BMI-specific differences in food choice and energy intake have been suggested to modulate taste perception. However, associations between body composition and fat taste sensitivity are controversial. The objective of this study was to examine the association between body composition, dietary intake and detection thresholds of four fatty stimuli (oleic acid, paraffin oil, canola oil, and canola oil spiked with oleic acid) that could be perceived via gustatory and/or textural cues. In 30 participants, fat detection thresholds were determined in a repeated measurements design over twelve days. Weight status was examined by measuring the participants' BMI, waist circumference and waist-to-hip ratio. The habitual food intake was assessed via several questionnaires and twelve, non-consecutive 24-hour food diaries. In this study, a negative correlation was found between fat detection thresholds and the intake of food rich in vitamins and fibre. Moreover, a positive correlation was identified between the intake of high-fat food and fat detection thresholds. No differences in fat detection thresholds were observed due to variations in BMI or waist-to-hip ratio. These findings indicate that a regular intake of fatty foods might decrease an individuals' perceptual response to fats which might lead to excess fat intake on the long term.

Oil Perception-Detection Thresholds for Varying Fatty Stimuli and Inter-individual Differences

Multiple lines of research have demonstrated that humans can perceive fat in the form of free fatty acids (FFAs). However, the dietary concentration of FFAs is generally very low and fat is mainly consumed as triacylglycerol (TAG).
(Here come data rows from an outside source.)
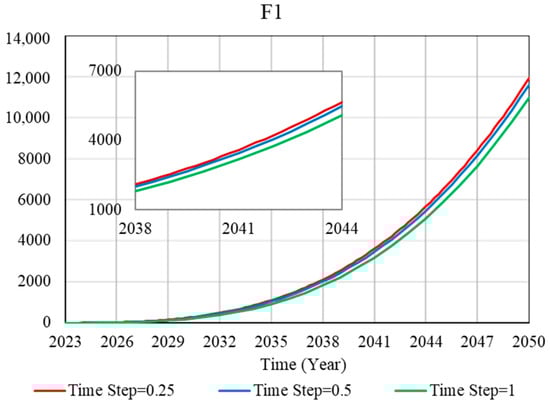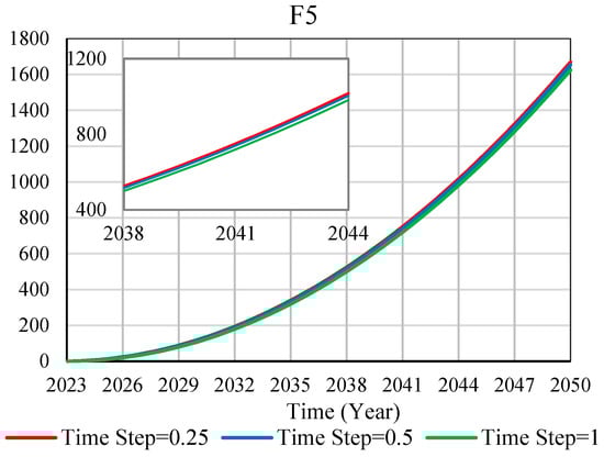 The stability test is to study the development trend of the curve in different situations and the stability of the fitting situation under different situation settings. The subsystem of BIM and new-generation information technology integration (F1) and the subsystem of the reality of the construction process (F5) are tested. Three different step sizes are set for them, namely 0.25, 0.5, and 1. The time unit of the test is the year, and the time interval starts from 2023 to 2050. The development trends of the two subsystems at different step lengths are highly consistent, indicating that the system has good stability (as shown in Figure 7).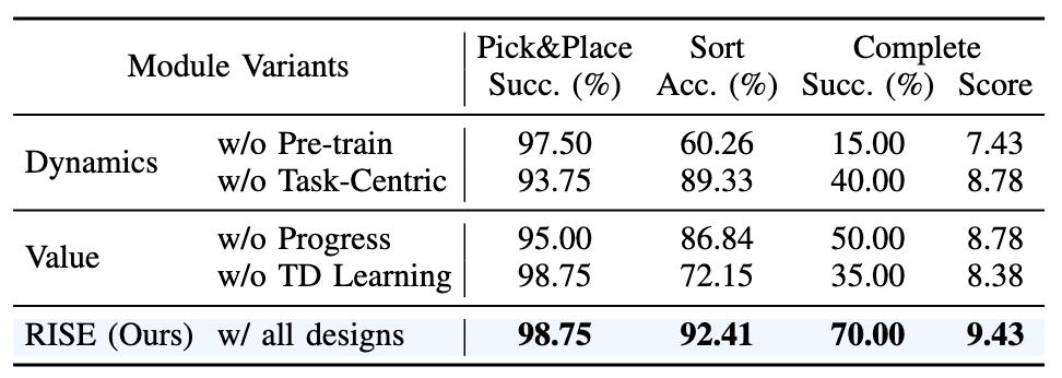 消融实验充分证明了 RISE 各模块设计的必要性,任何一个组件的缺失,都会导致性能的显著下降: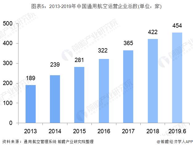 根据通用航空管理系统数据,截至2019年6月30日,获得通用航空经营许可证的通用航空企业数量为454家。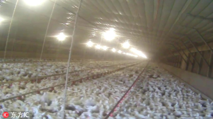 2015年爆出的美国麦当劳供应商虐鸡视频片段,可以看出这些鸡的生活环境十分拥挤。图@东方IC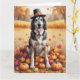 Wolfhound In Autumn Leaves Thanksgiving Art Card
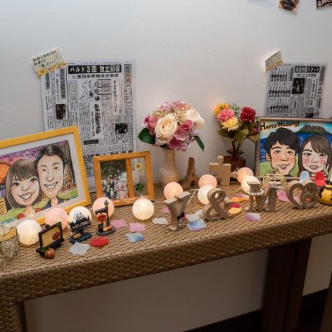 また、髪が短かったころの似顔絵と結婚式寸前の髪が長いときの似顔絵を飾り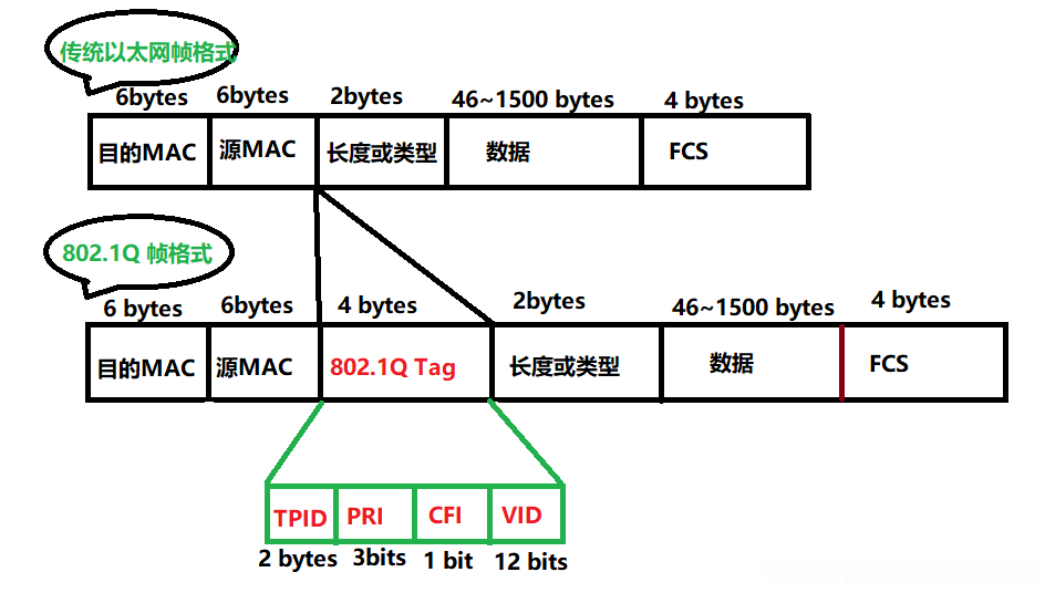 | TPID | 2 bytes | TagProtocol ID,表示这个帧是否带有Tag | 如果TPID取值为0x8100,则表示该帧是带Tag的帧;否则表示该帧是传统帧,不带Tag的帧,该字段与传统以太网中该位置的Type/Length字段是兼容的 |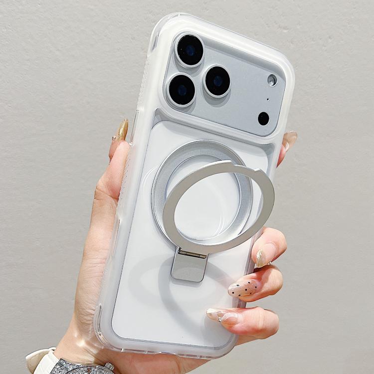 Funda MagSafe para iPhone 17 Pro con borde translúcido y soporte metálico (blanca)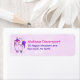 Rücksendeadressen-Aufkleber mit einem skurrilen zeichn eines coolen und funky rosa Kubus Einhorn, das eine lila Mane und Geschichte hat. Diese niedliche Kreatur trägt eine herzförmige Sonnenbrille und ist mit kleinen Sternen dekoriert. Rosa Aquarelluntergrund.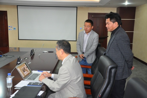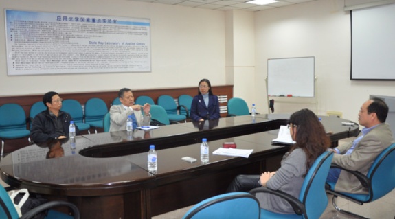 在长春光机所研发大厦会议室,李教授就科研成果产业化与长光科技总裁甘泽龙,国际合作处副处长张来明等进行座谈。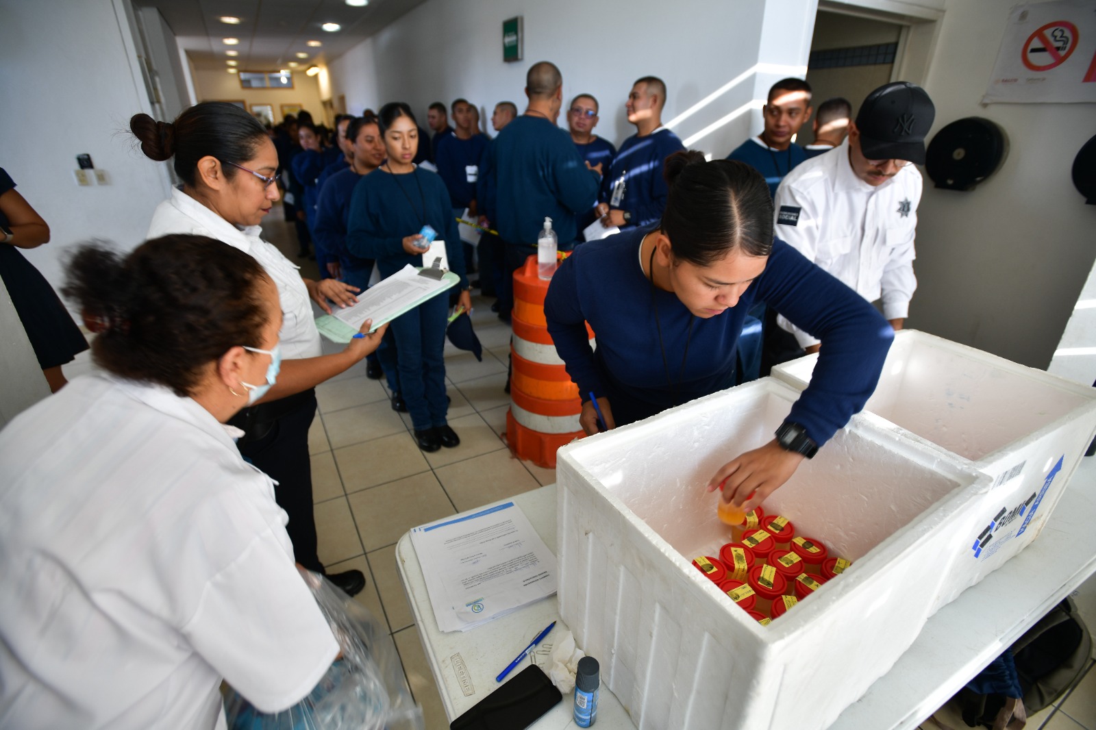 La prueba fue realizada por un laboratorio particular, cuyo personal acudió al Complejo de Seguridad Pública Municipal de Aguascalientes a tomar muestras a las y los cadetes en formación.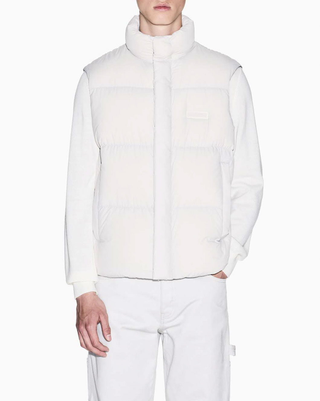 Piumino gilet Armani Exchange gesso in nylon opaco con imbottitura in piuma d'anatra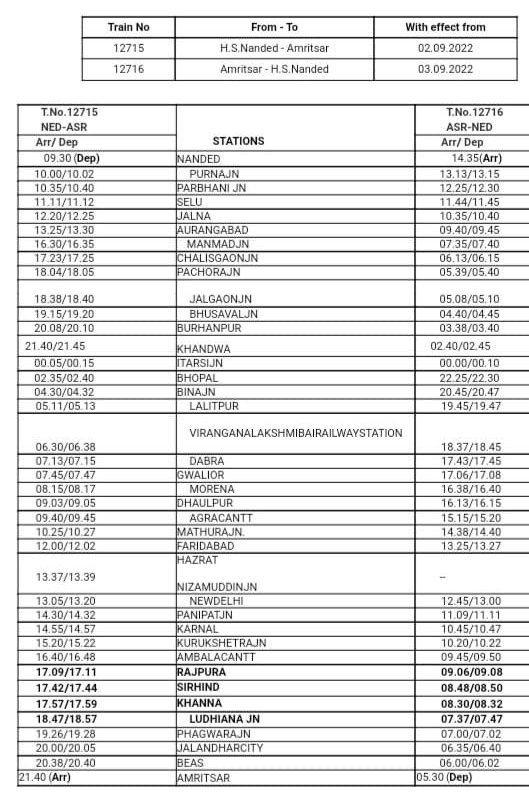 12715 नान्देड़ अमृतसर सचखण्ड एक्सप्रेस का 02 सितम्बर से और 12716 अमृतसर नान्देड़ सचखण्ड एक्सप्रेस का कल दिनांक 03 सितम्बर से मार्ग परिवर्तन हो रहा है। यह गाड़ियाँ अब निम्नलिखित टाइमटेबल के अनुसार चंडीगढ़ स्टेशन के बजाय, अम्बाला, राजपुरा सरहिन्द होकर चलेगी।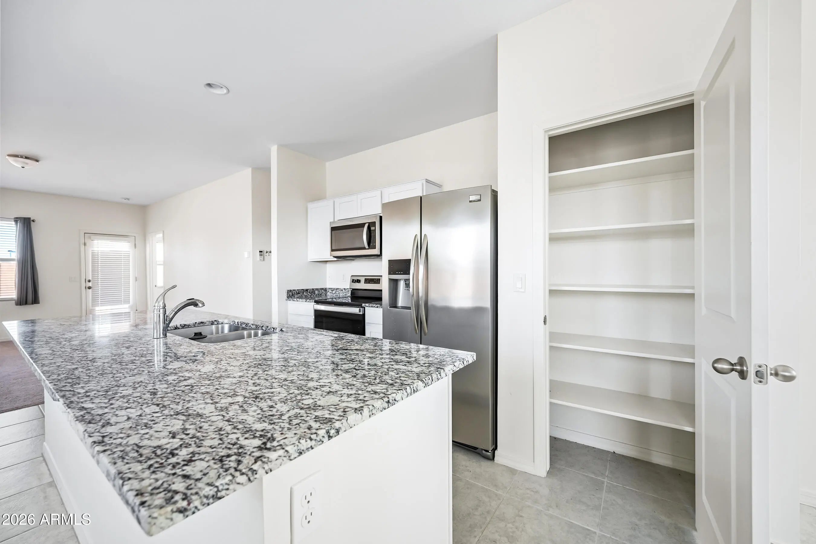Practically Brand New Home!! Huge lot with over sized back yard this delightful home on a desirable corner lot adjacent to a community walking path! Amazing community pool and water slides! Lovely curb appeal, 2-car garage, and well-kept exterior set the tone for what awaits inside. The open layout offers a comfortable flow, with soft carpet in the living area. The wide-open kitchen features granite counters, stainless steel appliances, white cabinets, a pantry, and an island with a breakfast bar. The primary bedroom includes a walk-in closet and a private bathroom, offering a peaceful retreat. Easy-care backyard, complete with a covered patio and plenty of play space. Tour Today!

The aim of this study was to examine the perception of different fatty stimuli and possible associations between them. Therefore, detection thresholds for 4 fatty stimuli (oleic acid [FFA], paraffin oil [mixture of hydrocarbon molecules], canola oil [TAG-rich], and canola oil spiked with oleic acid [rich in TAGs and FFAs]) were determined in 30 healthy participants. Additionally, inter-individual differences in fat perception were examined. It was observed that oleic acid was perceivable at significantly lower concentrations than all other stimuli (P < 0.001). Similarly, canola oil with oleic acid was detectable at lower concentrations than canola oil alone (P < 0.001). Moreover, canola oil detection thresholds were significantly lower than paraffin oil detection thresholds (P = 0.017). Participants who were sensitive for low concentrations for oleic acid showed lower detection thresholds for canola oil with and without oleic acid, compared with participants that were less sensitive for oleic acid. The results of this study demonstrate that the higher the concentrations of FFAs in the stimuli, the lower the individual fat detection threshold. Moreover, participants being sensitive for lower concentrations of FFAs are also more likely to detect low concentrations of TAG-rich fats as it is found in the human diet.